(Saved entries)
▼

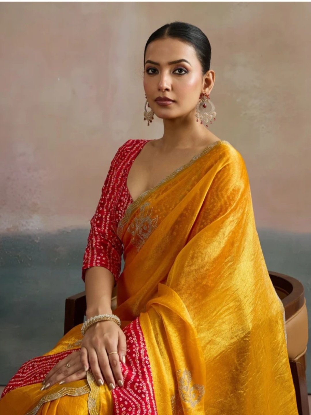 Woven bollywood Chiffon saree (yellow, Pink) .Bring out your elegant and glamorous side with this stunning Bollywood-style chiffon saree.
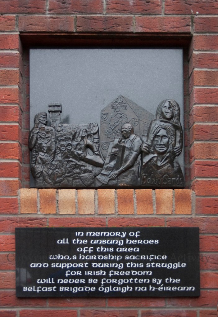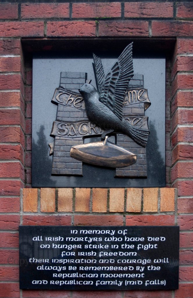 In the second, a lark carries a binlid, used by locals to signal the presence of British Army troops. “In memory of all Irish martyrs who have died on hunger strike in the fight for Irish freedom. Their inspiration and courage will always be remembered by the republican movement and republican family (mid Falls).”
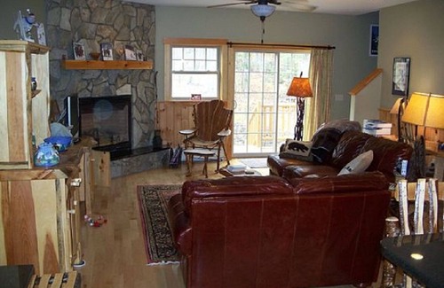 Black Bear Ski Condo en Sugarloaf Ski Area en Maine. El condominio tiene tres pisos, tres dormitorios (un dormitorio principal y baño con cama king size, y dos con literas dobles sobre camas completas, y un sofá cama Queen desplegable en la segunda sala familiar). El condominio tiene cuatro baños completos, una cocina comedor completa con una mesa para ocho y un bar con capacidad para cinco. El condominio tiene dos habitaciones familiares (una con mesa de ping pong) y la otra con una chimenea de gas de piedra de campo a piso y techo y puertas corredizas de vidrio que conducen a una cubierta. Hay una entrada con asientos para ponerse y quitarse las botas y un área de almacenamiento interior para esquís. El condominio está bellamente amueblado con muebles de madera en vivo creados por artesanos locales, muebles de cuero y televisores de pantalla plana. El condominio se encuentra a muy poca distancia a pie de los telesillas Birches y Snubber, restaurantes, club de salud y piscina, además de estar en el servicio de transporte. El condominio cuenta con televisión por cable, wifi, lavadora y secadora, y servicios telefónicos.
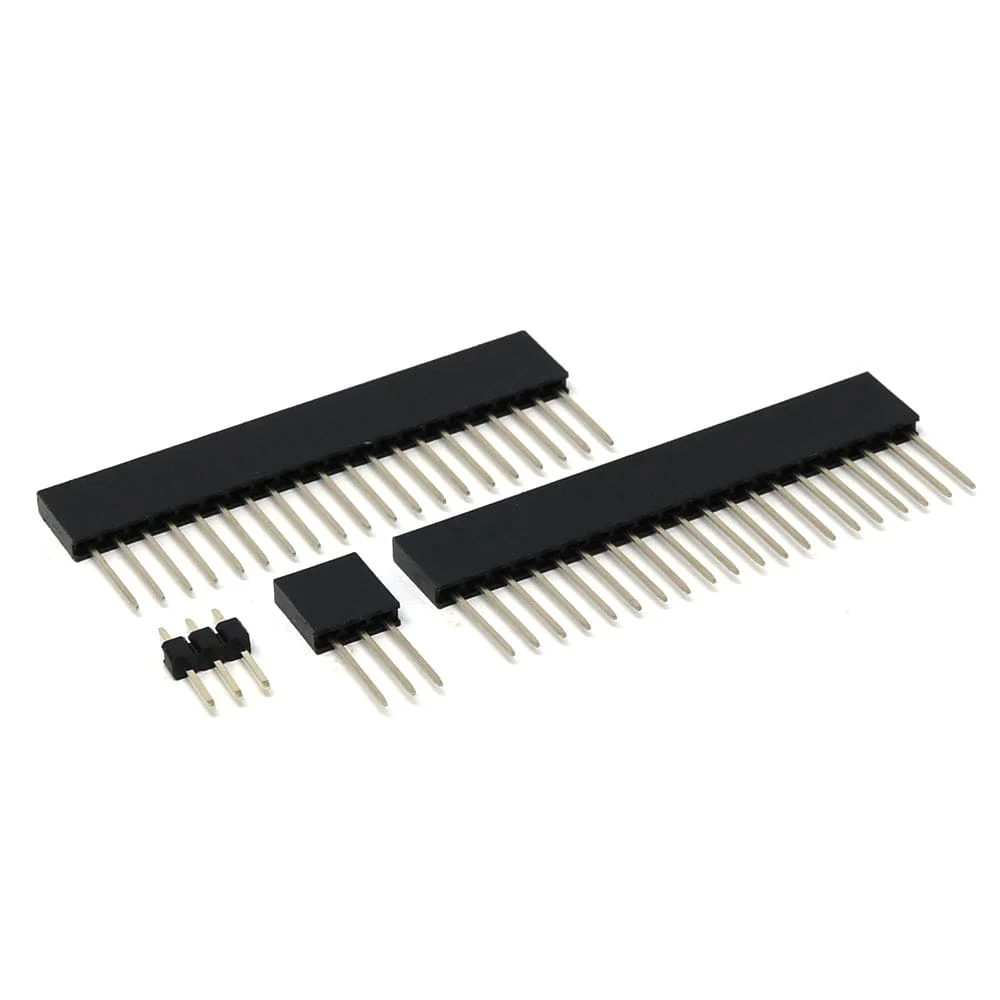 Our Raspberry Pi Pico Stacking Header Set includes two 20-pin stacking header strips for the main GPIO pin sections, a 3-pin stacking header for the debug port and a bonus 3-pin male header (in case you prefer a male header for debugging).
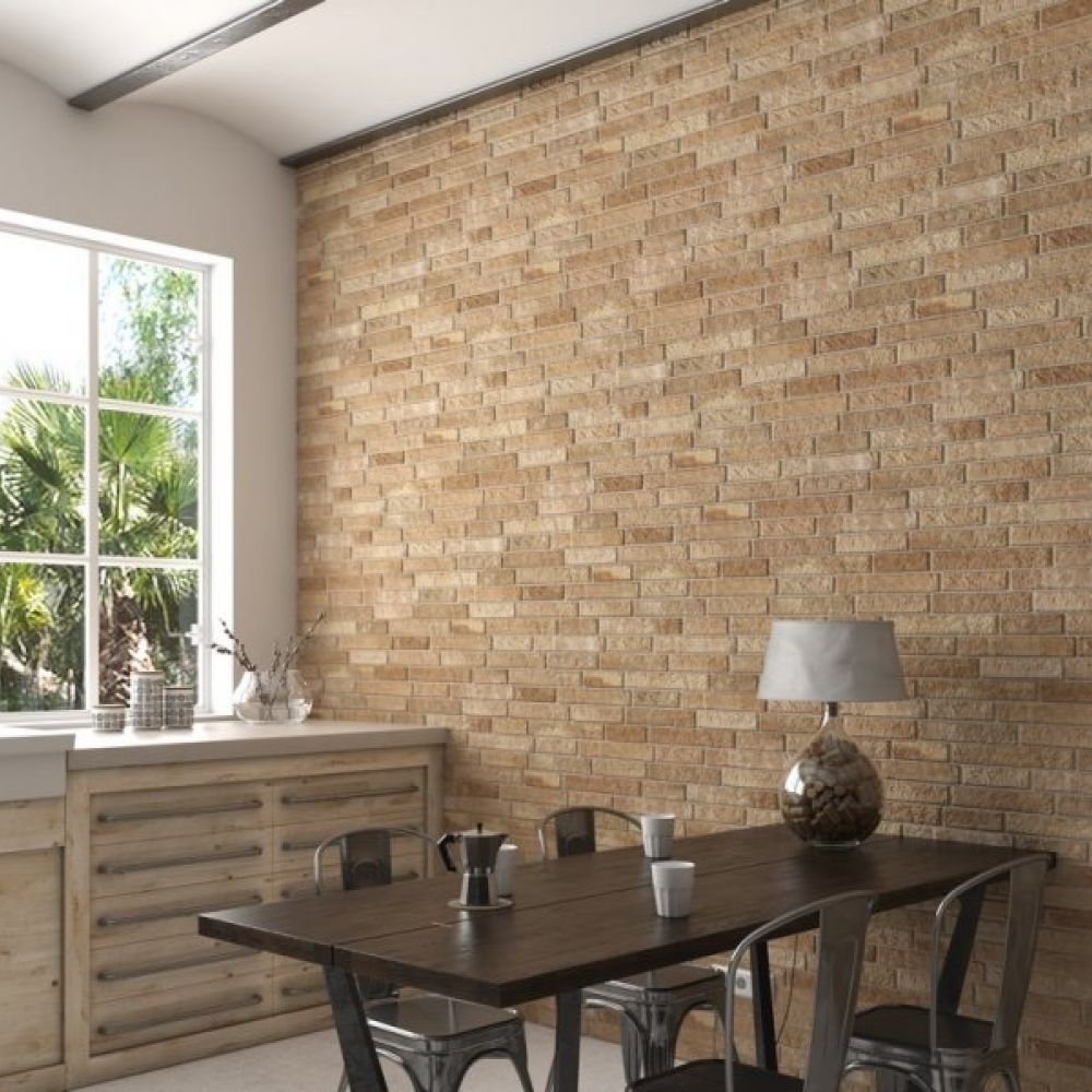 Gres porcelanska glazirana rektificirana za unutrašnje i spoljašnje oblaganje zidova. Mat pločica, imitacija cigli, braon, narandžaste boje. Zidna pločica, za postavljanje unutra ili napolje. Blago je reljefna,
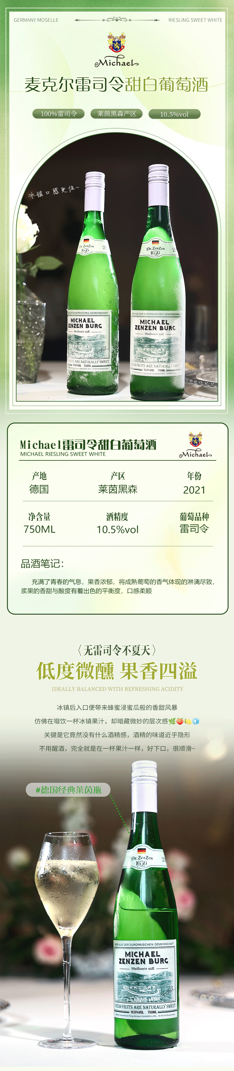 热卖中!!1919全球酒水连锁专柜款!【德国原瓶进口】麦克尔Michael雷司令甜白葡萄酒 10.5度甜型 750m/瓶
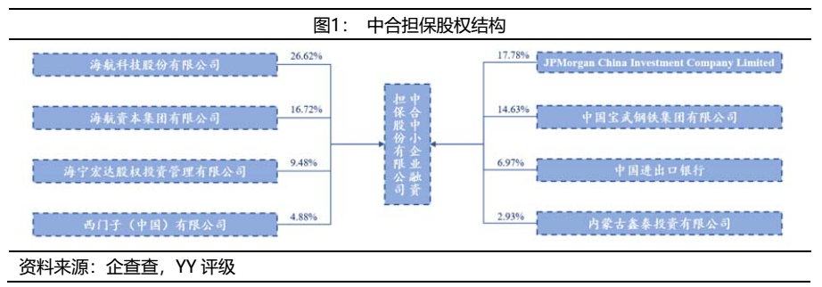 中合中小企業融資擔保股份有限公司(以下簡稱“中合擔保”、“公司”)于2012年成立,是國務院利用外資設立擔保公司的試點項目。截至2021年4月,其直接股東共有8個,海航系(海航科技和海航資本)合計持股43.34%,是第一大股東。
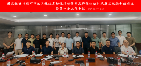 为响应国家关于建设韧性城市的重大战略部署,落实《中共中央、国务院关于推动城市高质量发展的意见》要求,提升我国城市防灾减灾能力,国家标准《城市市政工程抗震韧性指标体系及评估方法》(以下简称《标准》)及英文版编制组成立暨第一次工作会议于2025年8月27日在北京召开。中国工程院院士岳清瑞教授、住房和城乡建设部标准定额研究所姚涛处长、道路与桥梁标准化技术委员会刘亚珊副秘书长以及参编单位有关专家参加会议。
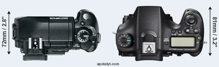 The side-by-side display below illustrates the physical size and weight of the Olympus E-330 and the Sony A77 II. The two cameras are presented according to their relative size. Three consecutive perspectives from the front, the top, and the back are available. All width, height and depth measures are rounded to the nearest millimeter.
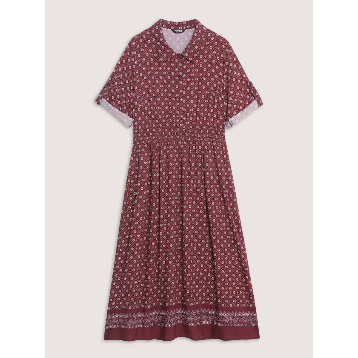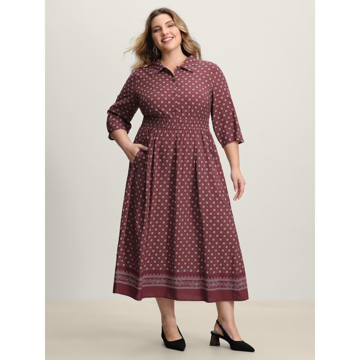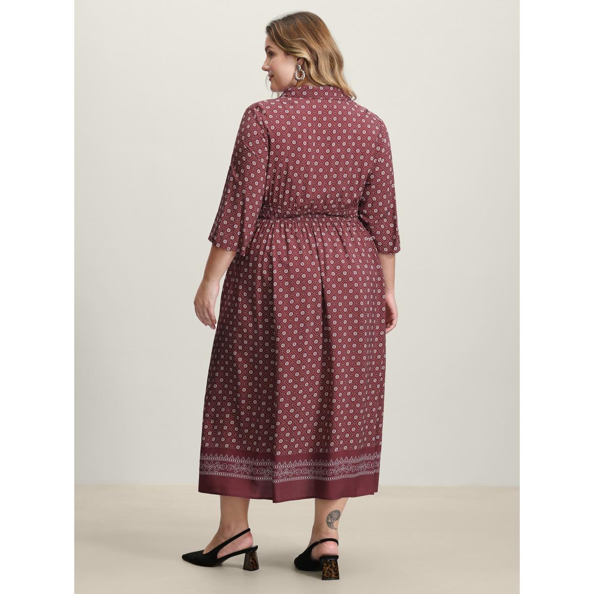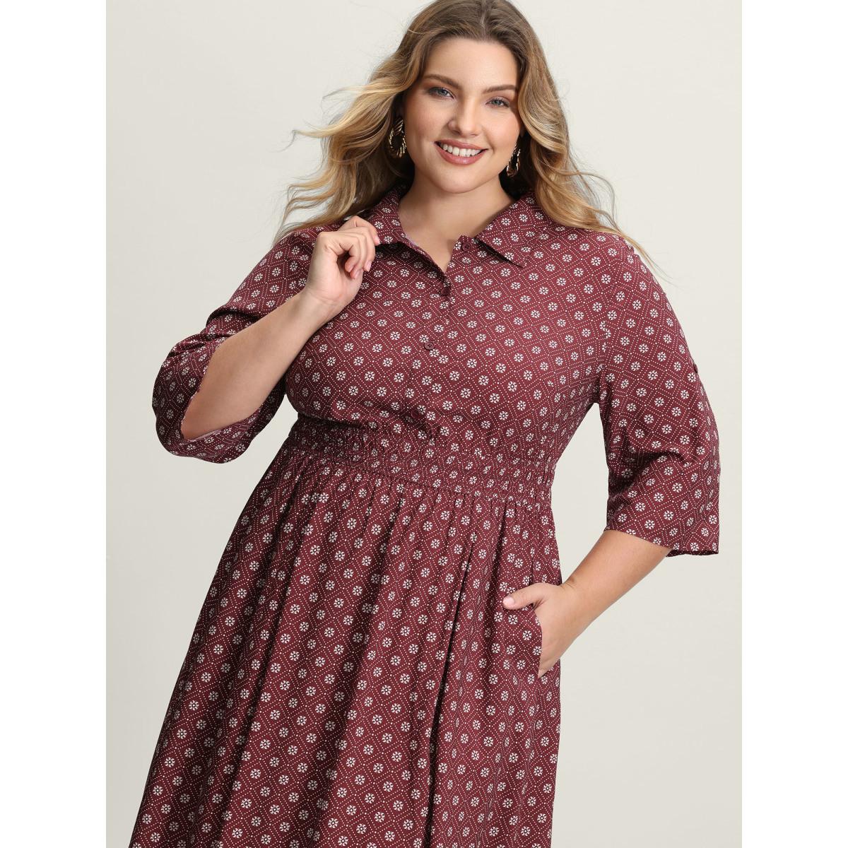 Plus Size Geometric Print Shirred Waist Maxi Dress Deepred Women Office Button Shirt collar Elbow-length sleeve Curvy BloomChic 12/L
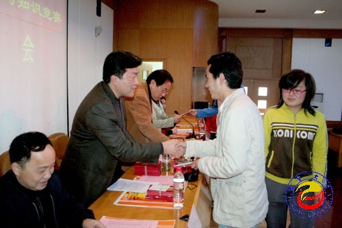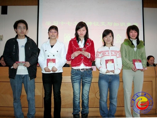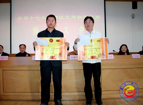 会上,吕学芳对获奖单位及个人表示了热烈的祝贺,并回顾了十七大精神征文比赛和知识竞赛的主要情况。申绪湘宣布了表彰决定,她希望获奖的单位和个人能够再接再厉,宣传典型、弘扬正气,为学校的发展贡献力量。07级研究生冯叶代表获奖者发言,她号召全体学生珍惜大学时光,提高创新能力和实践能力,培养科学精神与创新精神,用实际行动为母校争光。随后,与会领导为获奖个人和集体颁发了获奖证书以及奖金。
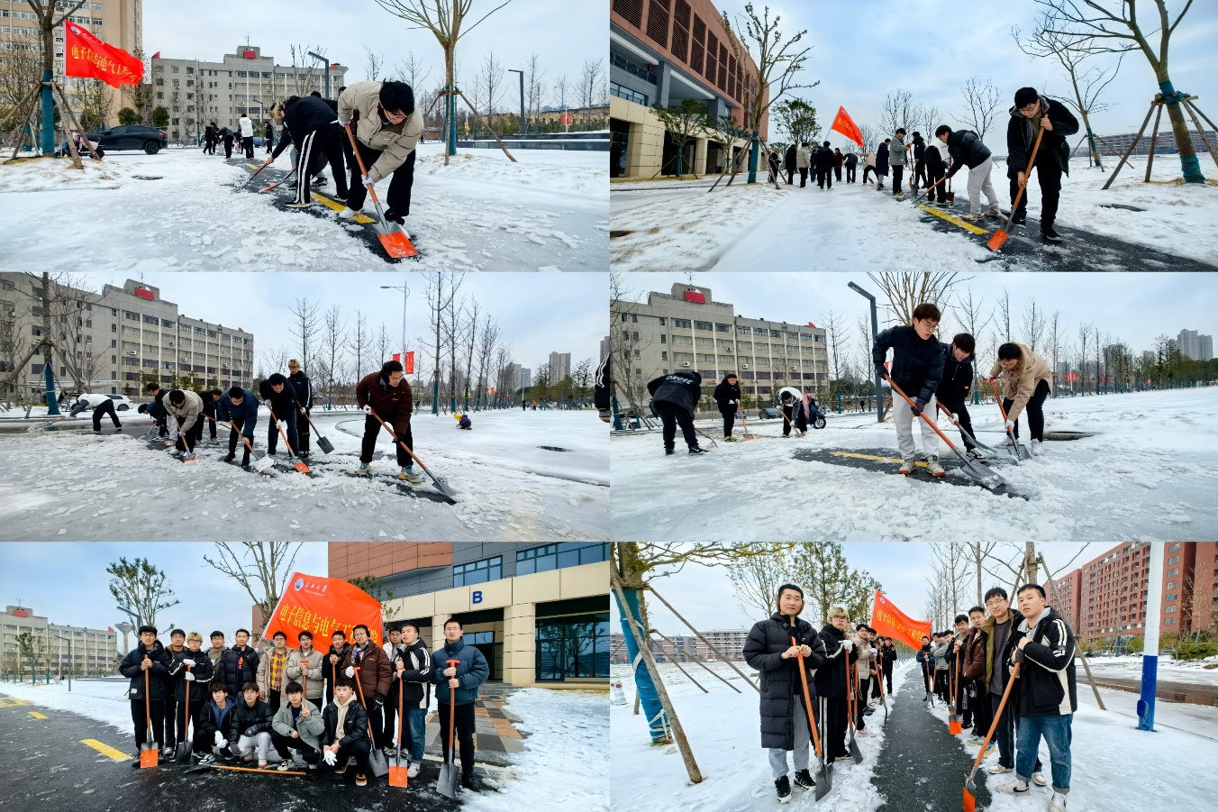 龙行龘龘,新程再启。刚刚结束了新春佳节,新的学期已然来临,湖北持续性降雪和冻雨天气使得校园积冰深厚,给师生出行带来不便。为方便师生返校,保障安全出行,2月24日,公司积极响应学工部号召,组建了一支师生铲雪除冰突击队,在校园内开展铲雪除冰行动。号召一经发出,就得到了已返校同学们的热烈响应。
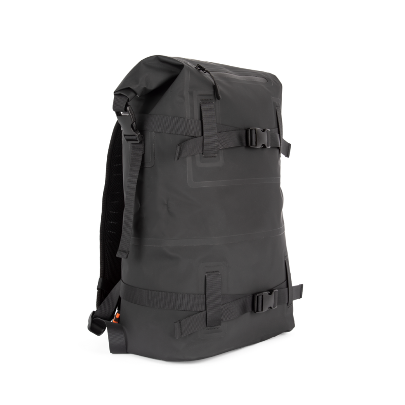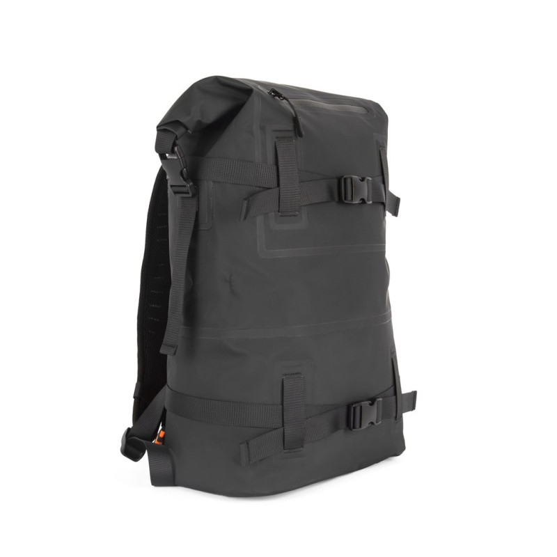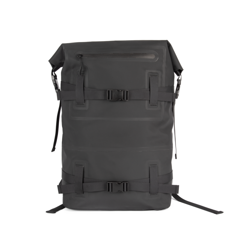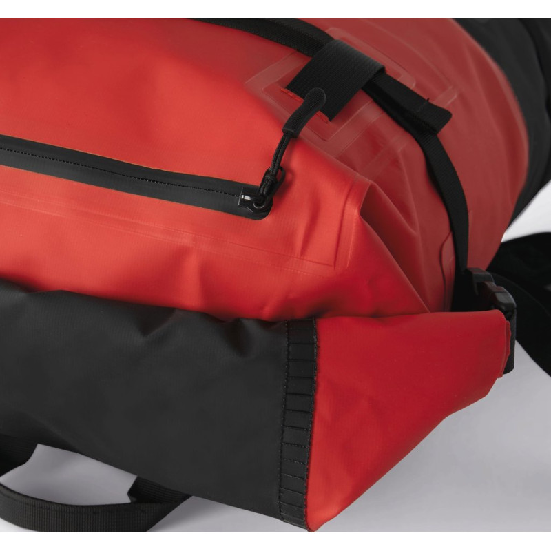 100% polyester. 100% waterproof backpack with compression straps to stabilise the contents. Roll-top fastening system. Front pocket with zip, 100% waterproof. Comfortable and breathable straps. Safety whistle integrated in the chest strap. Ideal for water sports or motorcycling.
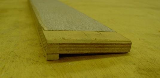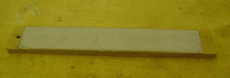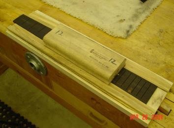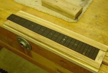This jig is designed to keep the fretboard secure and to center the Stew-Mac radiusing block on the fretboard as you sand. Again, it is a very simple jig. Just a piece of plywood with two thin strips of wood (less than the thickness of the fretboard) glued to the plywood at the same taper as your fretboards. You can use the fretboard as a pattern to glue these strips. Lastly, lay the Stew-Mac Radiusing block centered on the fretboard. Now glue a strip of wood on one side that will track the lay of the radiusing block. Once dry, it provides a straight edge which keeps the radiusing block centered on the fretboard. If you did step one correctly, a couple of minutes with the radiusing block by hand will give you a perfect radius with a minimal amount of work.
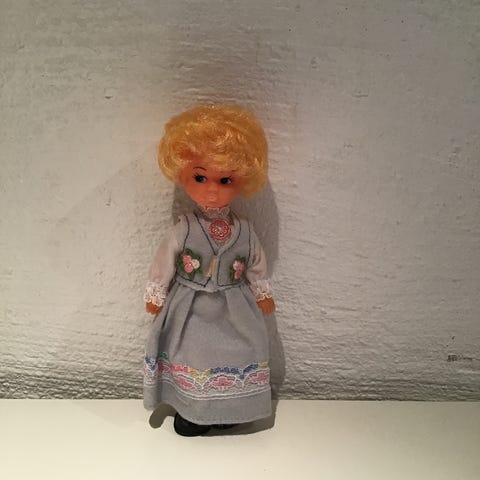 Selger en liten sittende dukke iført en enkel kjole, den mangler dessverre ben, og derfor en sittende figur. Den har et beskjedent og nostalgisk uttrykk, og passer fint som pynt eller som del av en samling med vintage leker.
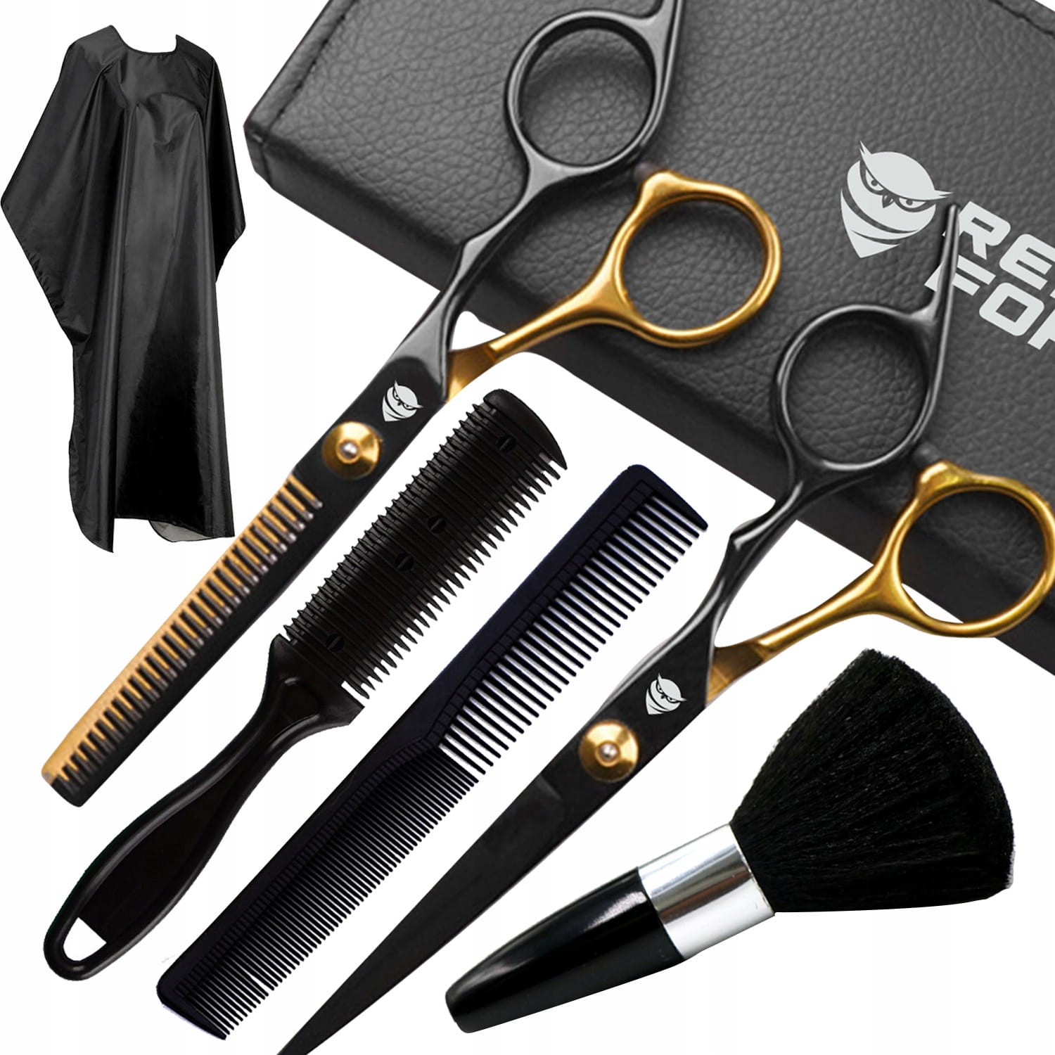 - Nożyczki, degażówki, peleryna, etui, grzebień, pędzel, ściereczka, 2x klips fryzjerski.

▲

**TASK GOAL:** Look above for the line with "Gres porcelanska glazirana" and the line with "龙行龘龘,新程再启。刚刚结束", then copy exactly the lines from the first through the second, both kept, with no pictures.

**YOUR SOLUTION:**
 Gres porcelanska glazirana rektificirana za unutrašnje i spoljašnje oblaganje zidova. Mat pločica, imitacija cigli, braon, narandžaste boje. Zidna pločica, za postavljanje unutra ili napolje. Blago je reljefna,
 热卖中!!1919全球酒水连锁专柜款!【德国原瓶进口】麦克尔Michael雷司令甜白葡萄酒 10.5度甜型 750m/瓶
 中合中小企業融資擔保股份有限公司(以下簡稱“中合擔保”、“公司”)于2012年成立,是國務院利用外資設立擔保公司的試點項目。截至2021年4月,其直接股東共有8個,海航系(海航科技和海航資本)合計持股43.34%,是第一大股東。
 为响应国家关于建设韧性城市的重大战略部署,落实《中共中央、国务院关于推动城市高质量发展的意见》要求,提升我国城市防灾减灾能力,国家标准《城市市政工程抗震韧性指标体系及评估方法》(以下简称《标准》)及英文版编制组成立暨第一次工作会议于2025年8月27日在北京召开。中国工程院院士岳清瑞教授、住房和城乡建设部标准定额研究所姚涛处长、道路与桥梁标准化技术委员会刘亚珊副秘书长以及参编单位有关专家参加会议。
 The side-by-side display below illustrates the physical size and weight of the Olympus E-330 and the Sony A77 II. The two cameras are presented according to their relative size. Three consecutive perspectives from the front, the top, and the back are available. All width, height and depth measures are rounded to the nearest millimeter.
 Plus Size Geometric Print Shirred Waist Maxi Dress Deepred Women Office Button Shirt collar Elbow-length sleeve Curvy BloomChic 12/L
 会上,吕学芳对获奖单位及个人表示了热烈的祝贺,并回顾了十七大精神征文比赛和知识竞赛的主要情况。申绪湘宣布了表彰决定,她希望获奖的单位和个人能够再接再厉,宣传典型、弘扬正气,为学校的发展贡献力量。07级研究生冯叶代表获奖者发言,她号召全体学生珍惜大学时光,提高创新能力和实践能力,培养科学精神与创新精神,用实际行动为母校争光。随后,与会领导为获奖个人和集体颁发了获奖证书以及奖金。
 龙行龘龘,新程再启。刚刚结束了新春佳节,新的学期已然来临,湖北持续性降雪和冻雨天气使得校园积冰深厚,给师生出行带来不便。为方便师生返校,保障安全出行,2月24日,公司积极响应学工部号召,组建了一支师生铲雪除冰突击队,在校园内开展铲雪除冰行动。号召一经发出,就得到了已返校同学们的热烈响应。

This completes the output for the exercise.